The lending co-op will benefit from a steady interest payment on its investment above the rate currently offered by banks on savings accounts, while small co-ops will benefit from access to finances on better terms than a bank mortgage. All the interest will remain within the co-op movement, enabling co-ops to grow and house even more new members. 

My housing co-op, Mary Ann Johnson, together with members of CASH, is working to develop this initiative and explore how it could benefit co-ops across the movement.

Mary Ann Johnson Housing Cooperative (MAJ) was established in the 1990s by a group of Haringey anarchists who were active around a range of issues – from housing to trade unions migrants rights to organising a well-known anarchist bookfair. MAJ is one of several particularly active housing co-ops at a time when some of the more established co-ops have abandoned their politics and activism. We proactively support groups wanting to start their own housing co-ops through our involvement in Radical Routes and through public events (for example in the workshop How & Why to set up a Housing Co-op, as part of the Antiuniversity on 4 May). MAJ members are always happy to answer questions and share resources. Have a co-op related question? Get in touch via our website

I joined MAJ recently as the co-op’s seventh member (together with my son) at a time when the co-op is expanding and raising funds to purchase its fourth property (which will house us). 

MAJ had already accumulated around £100K through members’ rent (above its liabilities and loanstock), and, as before, we asked our community, our friends and families and our comrades from across the movement to help us raise the rest of the money. Since January 2024, we’ve secured over £150K in loans and donations, but we are still around £100K from our initial target. 

To raise the remaining funds, we set up a JustGiving crowdfunder page for smaller cash donations (every little helps!), released loanstock on the MAJ website (you will get your money back!), and even organised two comedy nights at the Jago in east London (the next one is on Wednesday, 24 April. Come along, it will be jokes!). But the real challenge is to unlock and keep the vast wealth within the housing co-op movement. 

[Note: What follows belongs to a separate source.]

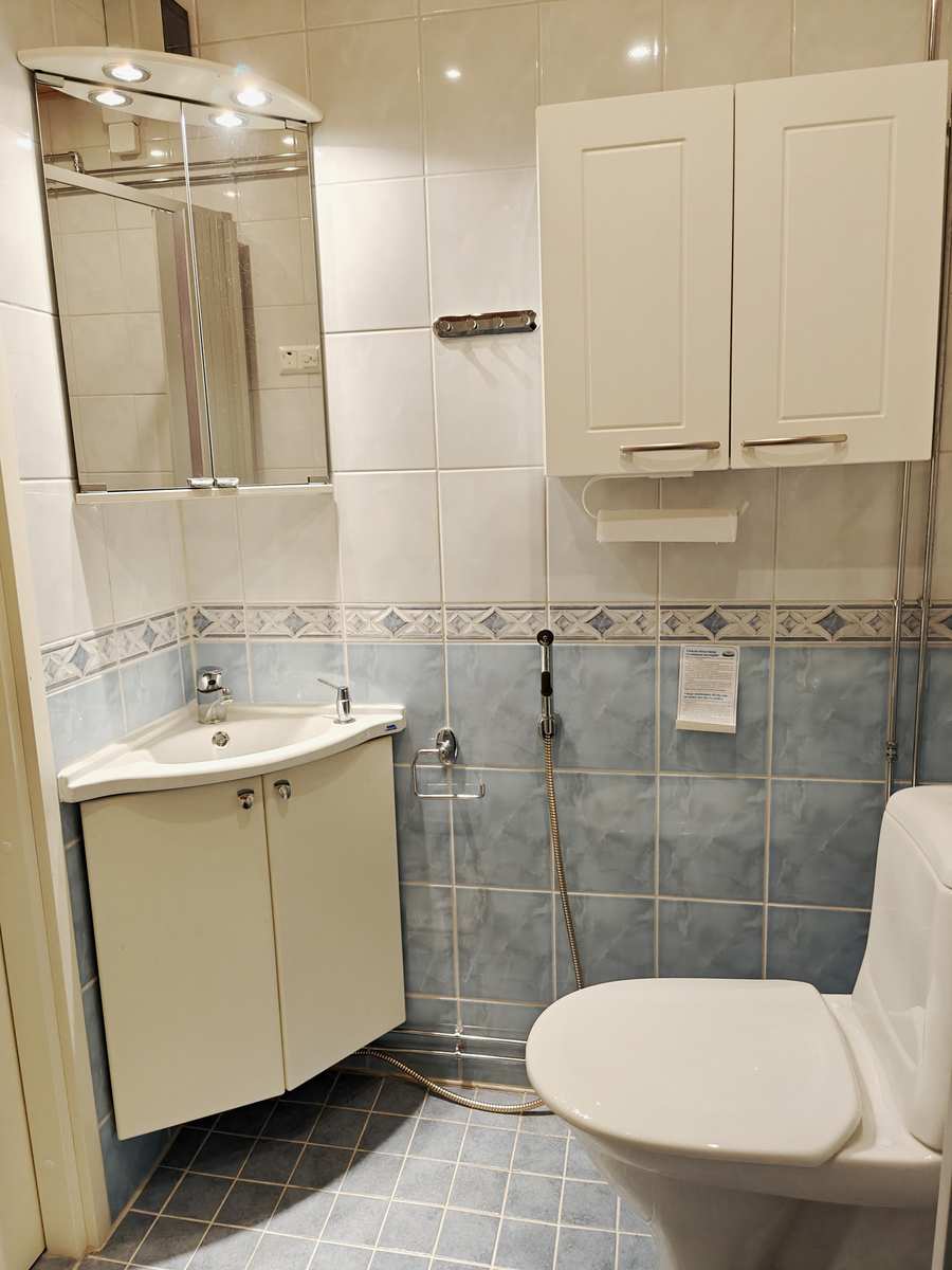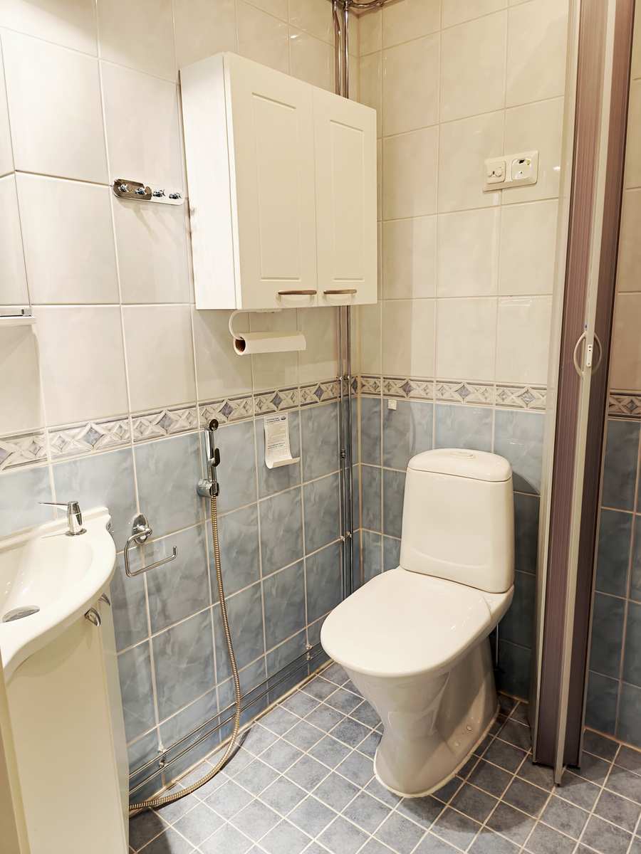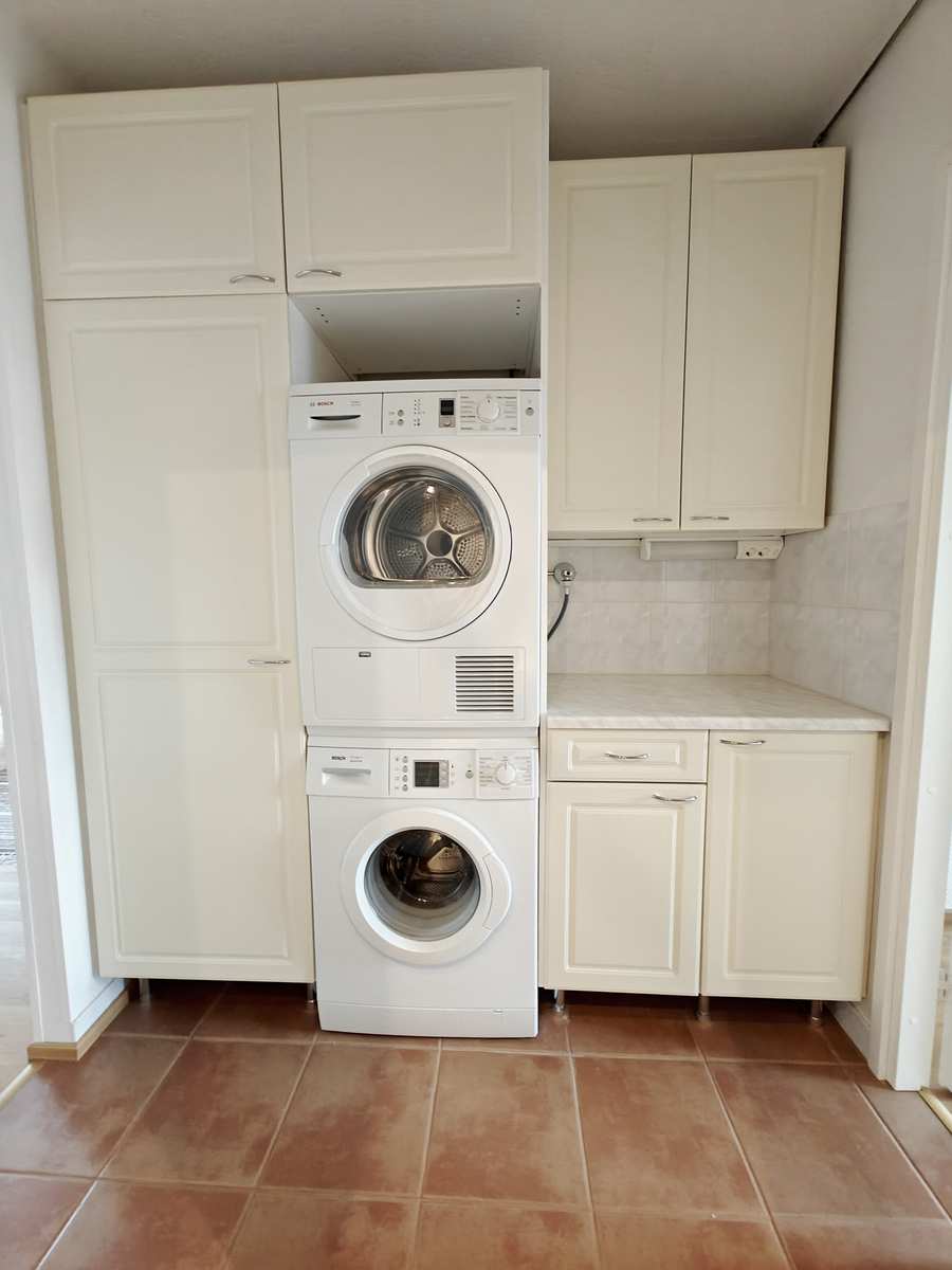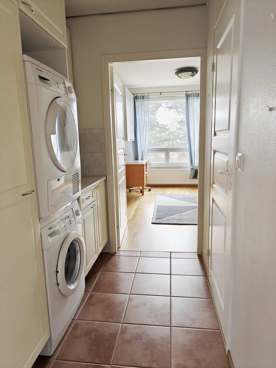 Asunnon kylpyhuone on saatu tilavaksi sijoittamalla pyykinpesukone, kuivausrumpu sekä pyykkikaapit kylpyhuoneen ulkopuolelle.

So, if you live in one of the large established housing co-ops, please reach out to fellow members and explain the benefits of sharing some of the wealth within the movement. If you have access to generational wealth or resources to share, please give them to an expanding housing co-op or become a Radical Routes investor.

Together, we can build power in our class and our community, remove more houses from parasitic landlords and care for each other. 

As the authors of the 2017 Co-ops for London report said: “We know co-ops are not the only solution to London’s housing crisis. More social housing is the real key. But housing co-ops can support council housing and ensure London can offer a diverse range of housing provision for a diverse city”.

Or like my friend Gordon’s mum, a tiny but fierce Glaswegian woman, said: “Take a big chunk out of the capitalist neck”! Help us make this a reality.